Karibisches Ferienparadies im Wahlfieber: Der 93-jährige Joaquín Balaguer, ein Altmeister des Intrigenspiels, will zum achten Mal ins Präsidentenpalais einziehen. Die frühere Marionette des Tyrannen Trujillo hat sogar Chancen.
Hinter der Rednertribüne, verborgen in einem Wellblechverschlag, steht diskret der Gabelstapler bereit. Auch er wartet auf das "Menschenwesen ohnegleichen", das "Leuchtfeuer der Weisheit", den "Staatsmann von Weltstatur".

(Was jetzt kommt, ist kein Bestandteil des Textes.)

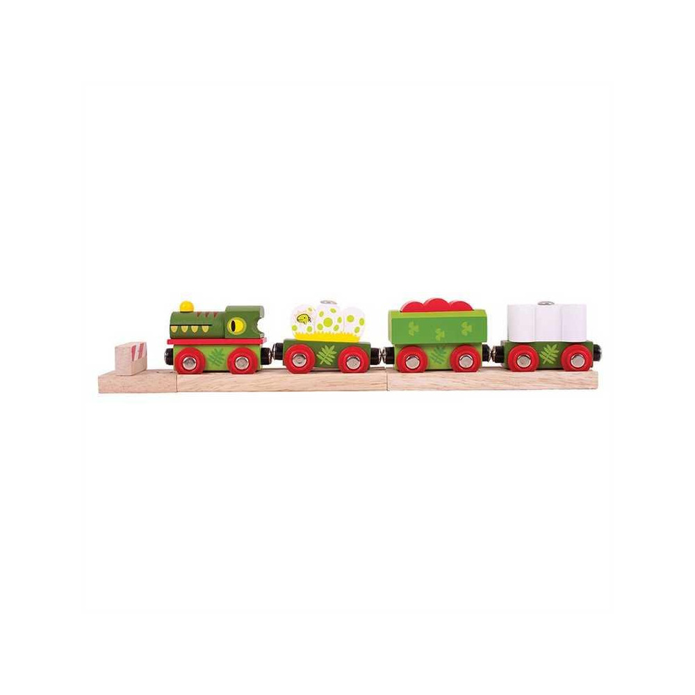 Děti budou milovat tento jasný a veselý set dinosauřího vlaku, který zahrnuje tři vagónky, kolejnice a chytrou lokomotivu. Magnetická spojka vagónků také znamená, že mohou být snadno propojeny s dalšími kusy.
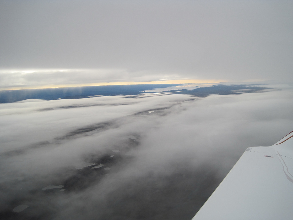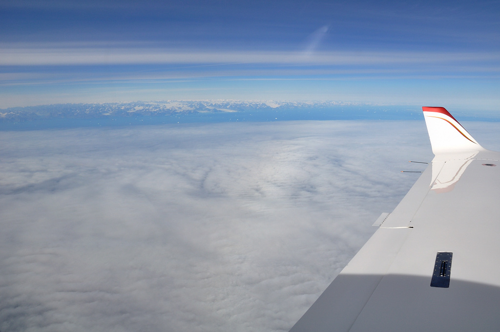 Am Montag geht' früh los, da wir an diesem Tag durch die Zeitverschiebung bis Island 4 Stunden verlieren werden. Wir starten kurz nach 7 Uhr bei tiefliegender Bewölkung und (sher) kühlen Temperaturen. Zuerst schickt uns der Lots auf einem tiefen Flightlevel Richtung Nordwesten. Als wir die Freigabe zum Steigflug erhalten durchbrechen wir die tiefe Wolkenschicht und befinden uns zwischenzeitlich zwischen zwei Wolkenschichten. Der Steigflug geht aber weiter auf FL210, wo wir gute Bedingungen vorfinden und über das Meer Richtung Kangerlussuaq fliegen, welches am Polarkreis in Grönland liegt.
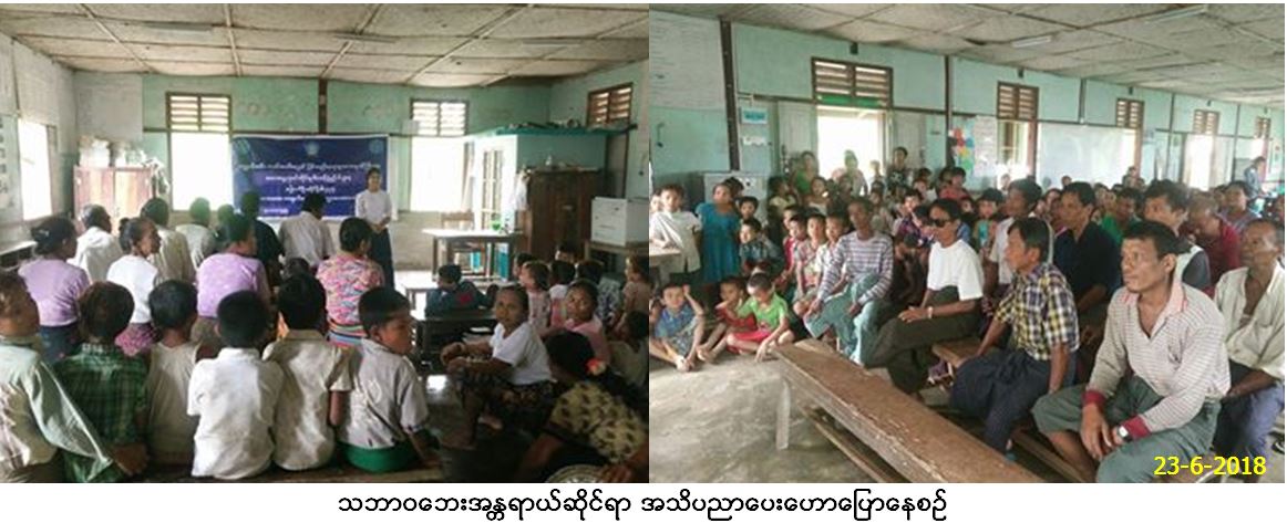 လူမှုဝန်ထမ်း၊ ကယ်ဆယ်ရေးနှင့် ပြန်လည်နေရာချထားရေးဝန်ကြီးဌာန၊ ဘေးအန္တရာယ်ဆိုင်ရာစီမံခန့်ခွဲမှုဦးစီးဌာန၊ မြောက်ဦးခရိုင်ဦးစီးမှူးရုံးမှ တာဝန်ရှိသူများသည် မြောက်ဦးခရိုင်ဦးစီးမှူးရုံးမှဦးဆောင်၍ (၂၃-၆-၂၀၁၈)ရက်နေ့ နံနက်(၁၁း၀၀)အချိန်မှ နေ့လည် (၁၂း၃၀)အချိန်ထိ မြောက်ဦးမြို့နယ်၊ သဘောကျေးရွာစာသင်ကျောင်၌ ကျေးရွာသူ/သား(၁၀၅)ဦးတို့အားလည်းကောင်း နေ့လည်(၁၃း၃၀)အချိန်မှ (၁၅း၃၀) အချိန်ထိ မြောက်ဦးမြို့နယ်၊ ငါးခူတောင်ကျေးရွာစာသင်ကျောင်း၌ ကျေးရွာသူ/သား(၁၂၀)ဦးတို့အားလည်းကောင်း သဘာဝဘေးအန္တရာယ်နှင့် ပတ်သက်သည့် ဆောင်ရန်/ရှောင်ရန်များဟောပြောပြီး ဘေး(၈)မျိုးလက်ကမ်းစာစောင်များအား တက်ရောက်လာသူများ ထံဖြန့်ဝေပေး ခဲ့ကြောင်း သတင်းရရှိပါသည်။

Dessen Erscheinen wird den Massen schon seit drei Stunden als unmittelbar bevorstehend angekündigt - von erregten Einpeitschern, deren Stimmen oftmals in ein verzücktes Falsett überkippen.
Der Gabelstapler hat in La Vega, diesem Provinzstädtchen nördlich von Santo Domingo, einen Geheimauftrag zu erfüllen. Er soll den Staatsmann von Weltstatur - einen blinden, lahmen und stark geschrumpften Winzling - hinterrücks aufs hohe Rednerpodium heben. Nur zuschauen darf dabei niemand, besonders keine Fernsehleute und Fotografen. Denen zerschmettern Leibwächter auch schon mal die Kameras, wenn sie dem Kandidaten allzu nahe kommen.

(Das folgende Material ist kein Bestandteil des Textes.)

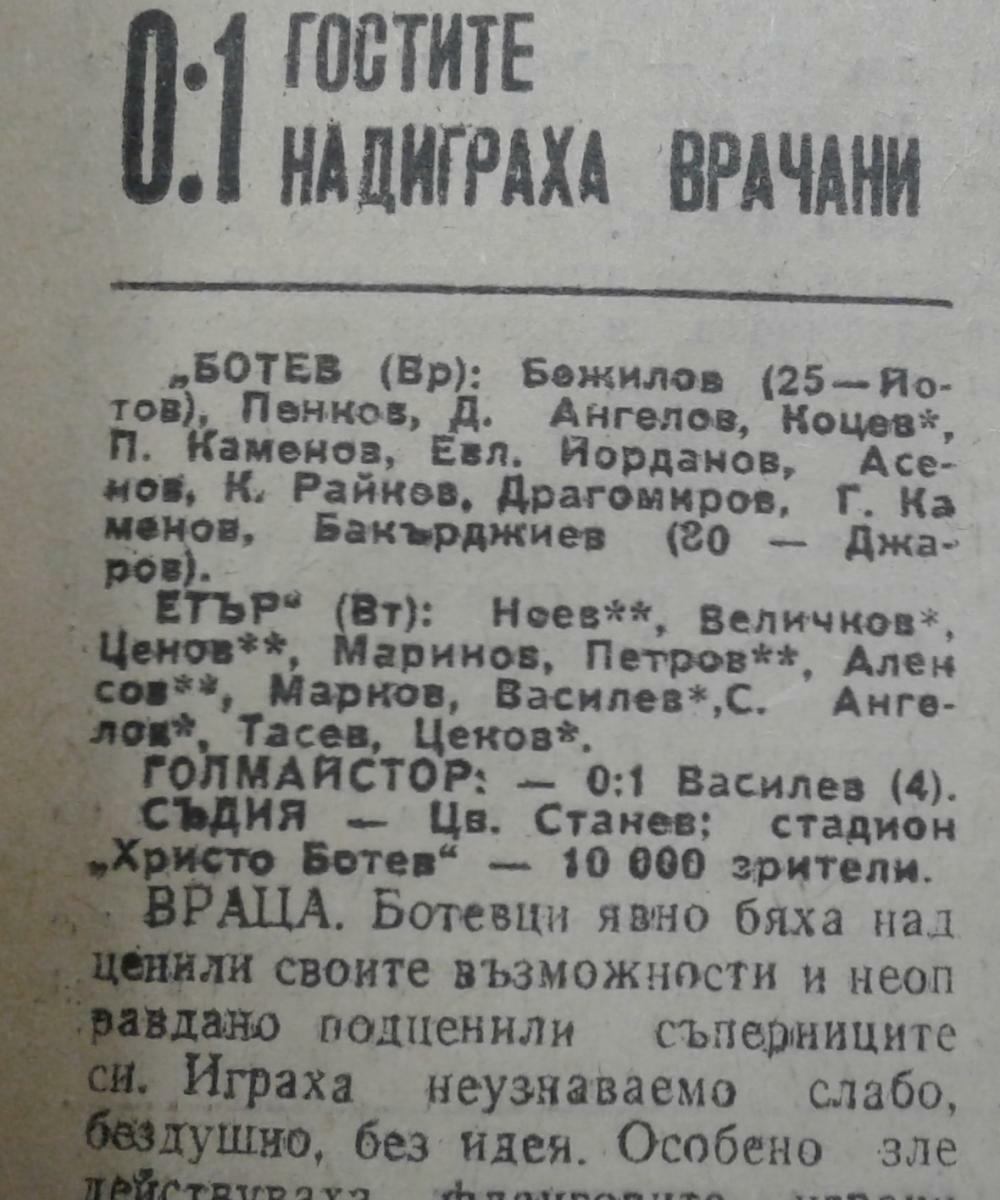 «Ботев» Враца - «Этыр» Велико-Тырново - 0:1

Als endlich der schwarze Mercedes eintrifft, die Massen mit ihrem roten Fahnenwald frenetisch herandrängen und die Stimmen der Anheizer sich im Unisono überschlagen, herrscht hinter der Tribüne routinierte Regie. Mächtige Strandschirme werden senkrecht aufgespannt rings um den Gabelstapler und die Limousine, und Gorillas schließen die Lücken dazwischen. So gut wie niemand kann erspähen, auf welche Weise der Präsidentschaftskandidat Dr. Joaquín Vidella Balaguer y Ricardo, Jahrgang 1907, die letzte Großkundgebung seines Wahlkampfs schließlich erreicht - im Rollstuhl oder auf der Tragbahre?

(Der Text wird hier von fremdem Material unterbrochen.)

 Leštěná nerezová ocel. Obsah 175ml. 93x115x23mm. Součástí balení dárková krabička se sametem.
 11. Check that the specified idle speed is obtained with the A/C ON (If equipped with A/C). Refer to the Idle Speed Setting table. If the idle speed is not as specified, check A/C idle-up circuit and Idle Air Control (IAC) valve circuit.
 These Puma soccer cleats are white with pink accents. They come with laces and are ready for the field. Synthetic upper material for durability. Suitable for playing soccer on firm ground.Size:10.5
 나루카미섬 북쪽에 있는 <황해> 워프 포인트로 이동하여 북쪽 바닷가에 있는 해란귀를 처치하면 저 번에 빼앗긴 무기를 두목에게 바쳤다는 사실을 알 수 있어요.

Als ob es darauf noch ankäme. Am Dienstag dieser Woche wird gewählt in der Dominikanischen Republik - unter den acht Millionen Einwohnern der östlichen zwei Drittel der Karibikinsel Hispaniola -, und am 30. Juni dürfte die übliche Stichwahl zwischen den beiden Spitzenreitern nötig sein. Doch selbst wenn der "diabolische Greis", wie seine Feinde ihn nennen, diesmal ausnahmsweise nicht in die Endrunde gelangen sollte, müsste im Guinnessbuch der Rekorde für ihn eine eigene Rubrik geschaffen werden. Stichwort: Gerontokrat.
Joaquín Balaguer kommt aus der Tiefe der Zeiten. 1924, noch minderjährig, errang der schüchterne Poet für seine "Heidnischen Psalmen" einen ersten Literaturpreis. Vom politisch ehrgeizigen General Rafael Trujillo als Redenschreiber und öffentlicher Lobhudler engagiert, gelangte er mit diesem 1930 an die Macht - damals, als in Berlin gerade der Zentrumspolitiker Heinrich Brüning an die Regierung kam und Adolf Hitler vom Amt des deutschen Reichskanzlers allenfalls träumen konnte.
Gehorsam und bescheiden und ohne blutige Fingerabdrücke zu hinterlassen, diente Balaguer in hohen und höchsten Ämtern drei Jahrzehnte lang Seiner Exzellenz, dem Generalissimus, dem Friedensbringer, dem Beschützer der Arbeiter und Wohltäter des Vaterlands, Prof. Dr. h. c. Rafael Leónidas Trujillo Molina. Als dieser 1961 umgebracht wurde, fungierte Balaguer gerade als Marionetten-Präsident.
So konnte der zarte Lyriker zum Erben - und Beerdiger - der monströsesten Diktatur avancieren, die Lateinamerika im 20. Jahrhundert erlebt hat. Und während der vergangenen vier Jahrzehnte ist Joaquín Balaguer insgesamt siebenmal Präsident der Dominikanischen Republik gewesen - nicht immer als unangefochten legitim gewählter Staatschef. Doch die (zusammengerechnet) fast 24 Jahre auf dem Präsidentensessel von Santo Domingo haben Balaguer nicht genügt.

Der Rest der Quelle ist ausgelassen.